To this Speech of Mr Howe's it was replied by Mr Lindsay, 'That by the Augmentation proposed, it was not intended to add new Officers, but only so many private Men to each Company; so that when Peace was restored, the Augmentation then made could be reduced, without leaving any Charge upon the Nation: That in a Time of such publick Danger it was necessary to augment our Forces within the Kingdom, and therefore any small Inconveniencies that might from thence arise must be borne with: That by increasing our own Troops no Money was carried out of the Kingdom: That it would add to the Number of our trained Soldiers, which, if any future Danger should arise, would be an Advantage to the Nation: That by a Man's becoming a Soldier his Labour and Industry was not quite lost, for many of them were as industrious after listing as ever they had been before: That old and infirm Soldiers must always of course be dismissed, and new Recruits raised in their Stead, tho' no Augmentation were ever made.

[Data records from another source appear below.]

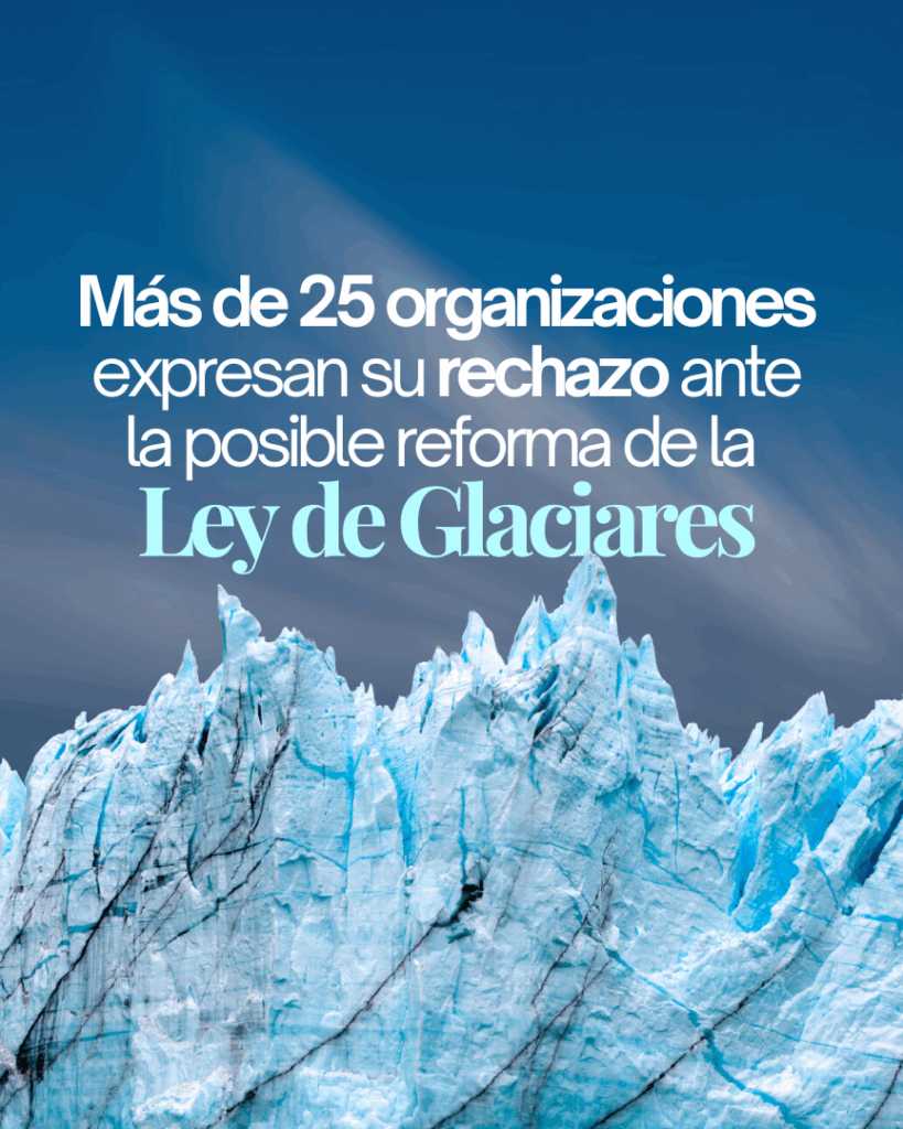 Más de 25 organizaciones de todo el país expresaron su profunda preocupación ante la posible reforma de la Ley N.º 26.639, “Régimen de Presupuestos Mínimos para la Preservación de Glaciares y del Ambiente Periglacial”. En un documento conjunto (link) publicado hoy, las organizaciones de la sociedad civil coinciden en la necesidad de reafirmar los fundamentos técnicos, científicos y jurídicos que dieron origen a la Ley de Glaciares y rechazan cualquier modificación que reduzca los niveles de protección ya establecidos.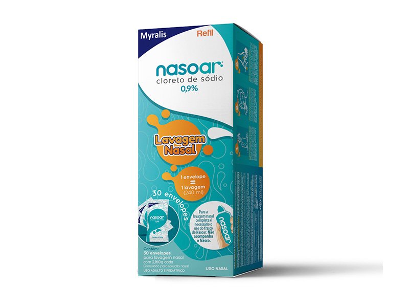 Quero participarNasoar Refil (Cloreto de Sódio 0,9%) pó para lavagem nasal, envelopes com 2,160g cada - Indicado para a fluidificação e descongestão nasal, coriza, sinusite e rinite. Não Acompanha frasco aplicador de 240mL. NASOAR age mecanicamente sobre a mucosa nasal, fluidificando e removendo todo o muco ali presente, resultando na descongestão local. Este medicamento é contraindicado em caso de hipersensibilidade aos componentes da fórmula. Este medicamento é contraindicado para menores de 4 anos.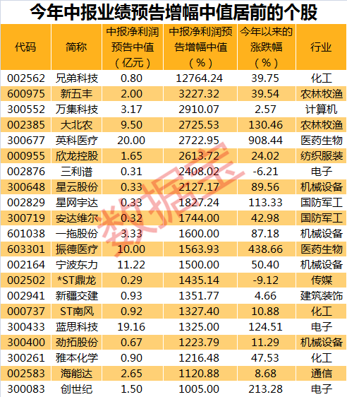 以净利增幅中值计算,590只个股上半年业绩预增,其中净利润预告中值同比翻番以上的有262只,21股中报预告净利增幅超10倍。兄弟科技预告净利增幅中值高达12764.24%,增幅上限高达143倍;其他增幅中值较高的还有新五丰、万集科技、大北农、英科医疗、欣龙控股、三利谱、星云股份等,净利预告增幅中值都超过20倍。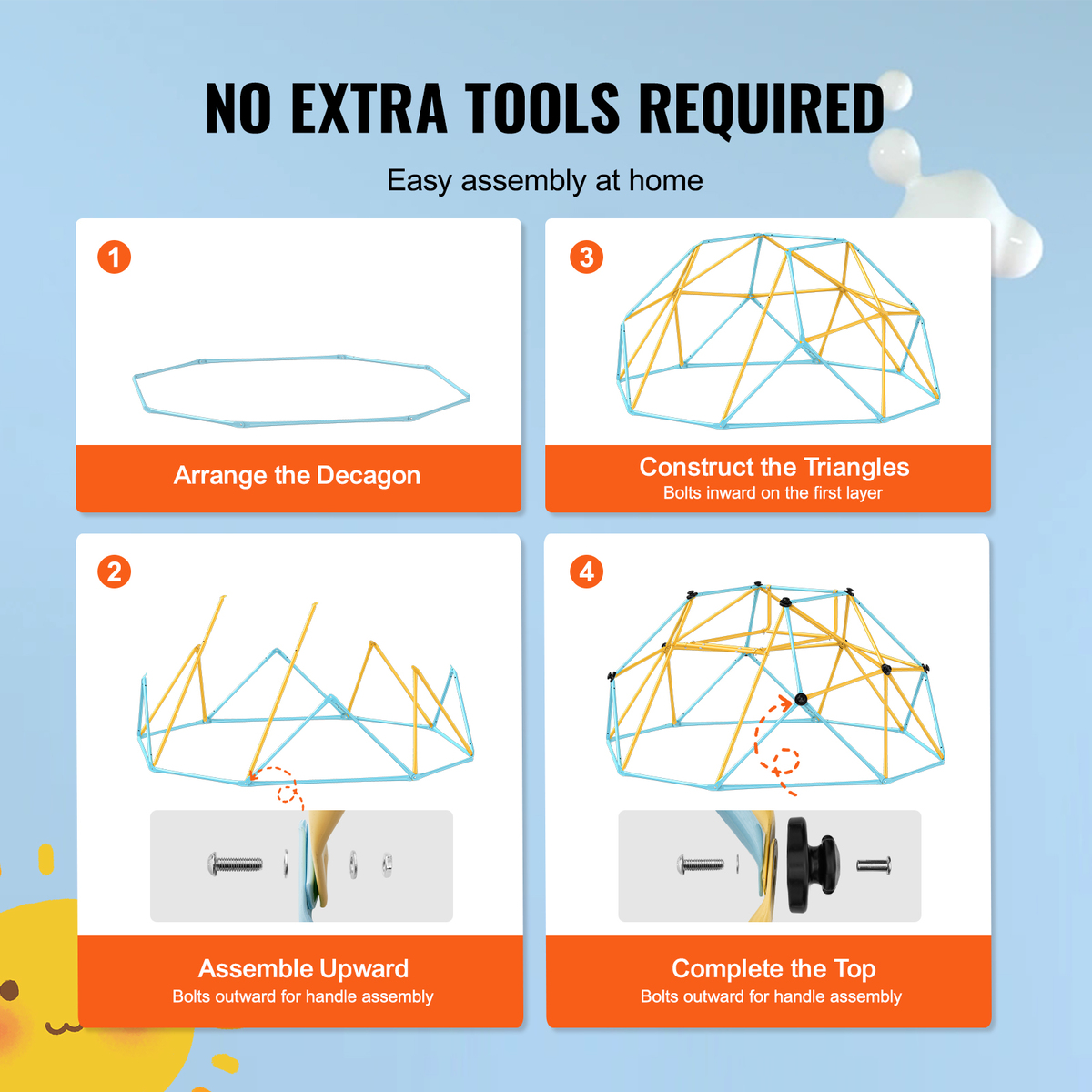 Easy Setup: Everything you need is included, from installation tools to detailed manuals and video guides. Our clear instructions will effortlessly guide you through assembly, allowing you to quickly create a fun playground for your children with our kids climbing dome.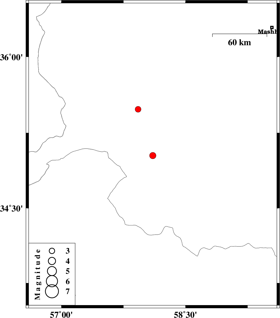 | 2016/10/05 | 07:53:09.6 | 11:23:09.6 | 35.483 | 57.927 | 14 | ML3.3 | Khorasan(center) Province, 25 km North of Bardeskan |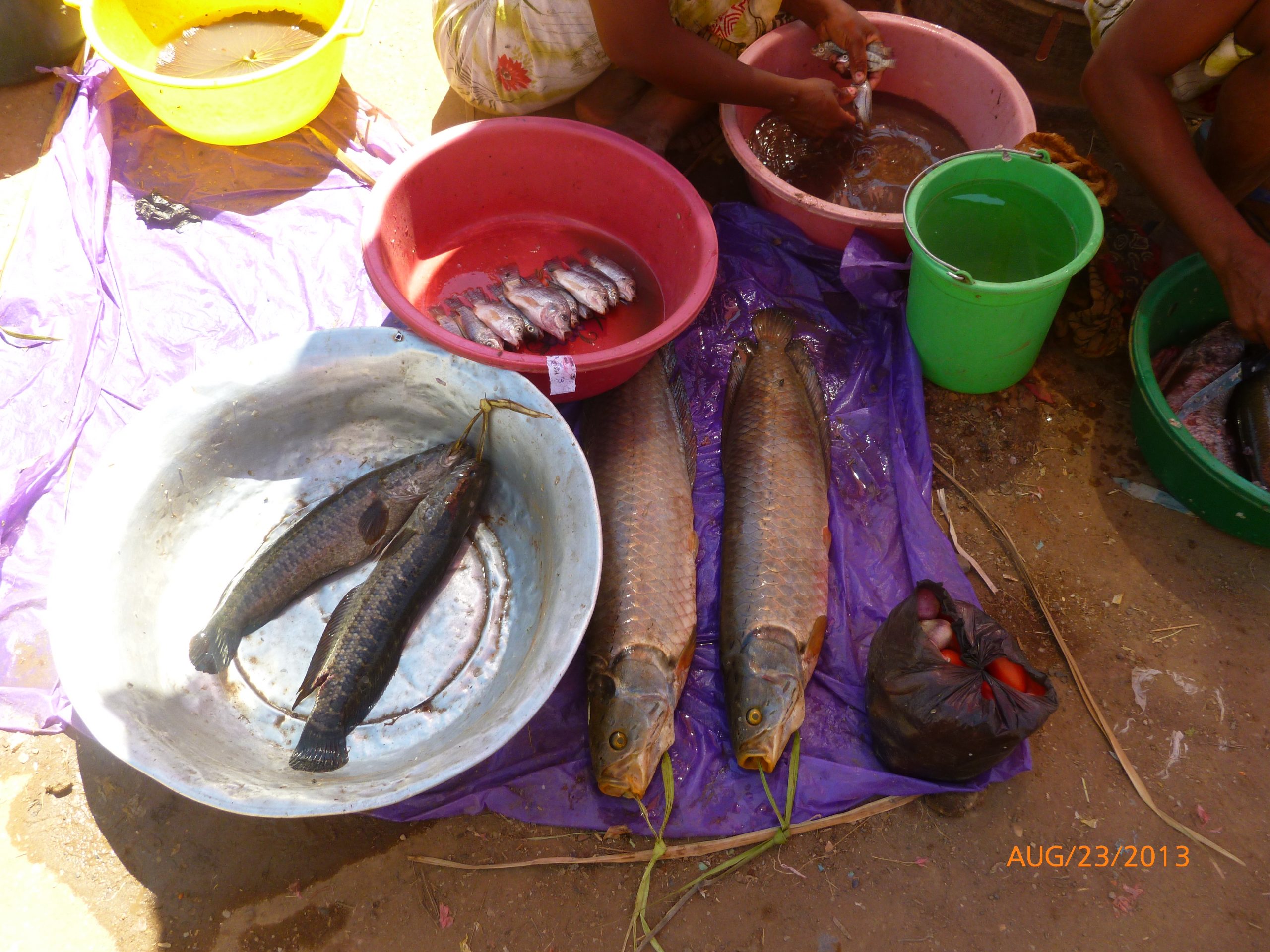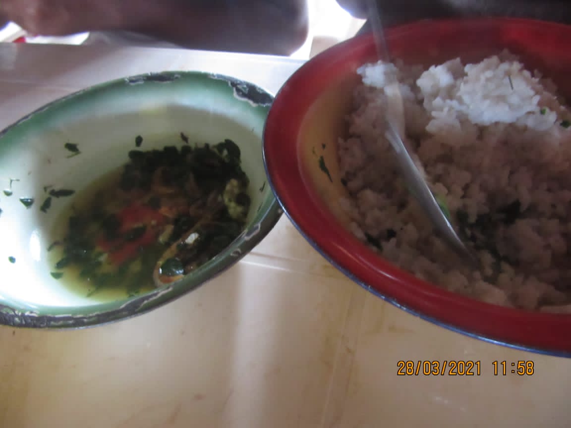 Als Beilage verwenden wir nach wie vor Fleisch und Fisch. Aber auch das ist ziemlich teuer geworden. Deswegen wird es mit Gemüse, „Vary-lava“ (getrocknete Minifische) und getrockneten Minigarnelen gemischt.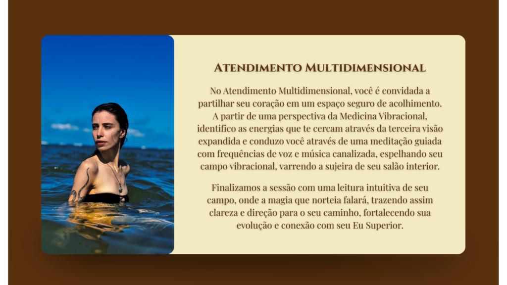 Este atendimento é um convite para receber insights sobre seu propósito, desafios e potenciais ocultos, fortalecendo sua conexão com a própria intuição e com as energias do universo.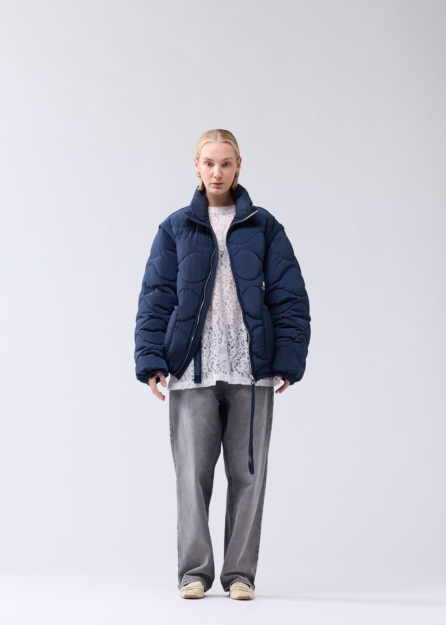 Designed with detachable sleeves, a metal double zipper, patch pockets, and branded cordstoppers, this jacket easily adapts from city wear to outdoor use. Branded front and back with the New Amsterdam logo, it’s a bold and functional statement jacket.

Mr J. Drummond. ; Mr Dundass.

Mr John Drummond, in Support of the Motion for the Augmentation, took Notice of the Number of Forces the Dutch had on Foot, and their Disposition to act in Concert with Great Britain.' Then Mr Robert Dundass stood up, and spoke against the Augmentation, and mention'd the bad Purposes for which the Forces were employ'd, and instanc'd the drawing up of the Regiment in the Abbey Close at Edinburgh, to over-awe the Election of the Scots Peers, or over-awe the Elections of Commoners; and to induce such Places as were conceiv'd to wish for Troops, to vote for Courtiers, or otherwise to have the Troops remov'd from them.'

Mr D. Forbes.

To this Mr Duncan Forbes (fn. 1) answer'd, 'That the Drawing up the Troops in the Abbey Close was an ordinary Muster or Exercise of Arms; and the Abbey Close an ordinary Place for such Musters; and that there was great Need of armed Force in Scotland; without which the notorious Inclination there to Smuggling and Cheating the Revenue, and to mutiny and resist the Execution of legal Process, could not be quell'd; and concluded with disapproving the Proposal for hiring Foreign Troops.' Hereupon Mr James Erskine stood up and said,

Mr. Erskine

Sir,

'I am loth to take up the Time of the House, now it is so late, but as the Affair of the Troops at the Election of the Sixteen Scots Peers has been misrepresented; and as I am fully acquainted with the Truth of that Transaction, I hope the House will indulge me.

'I believe no Member of this, or any other former Parliament, has ever asserted that a Standing Army was consistent with our Constitution, or even attempt to deny but it is dangerous to our Rights and Liberties. A Standing Army has been kept up, it is true, from Year to Year, and sometimes augmented, by pretending the Exigencies of the Times: but such Exigencies, that the same, or other such, may to the World's End be pretended: So that if the same mean and low Spirit continues in Britain, a Standing Army is for ever to be the Oppression of this once flourishing Island. These Arguments are indeed too general to be dwelt on, when the Question is not, Whether to have an Army; but, Whether to augment it? Since it seems granted on all Sides, that we must have an Army for this Year; that Britain must for one Year longer submit to that Badge and great Mean of Slavery: But if it is so dangerous to have any, it is still more dangerous to add to it; and if Exigencies requir'd such an Army as we had last Year, yet it behoves us to see the Exigencies, that requir'd so large an Addition as 8000 more, before we ought to consent to it.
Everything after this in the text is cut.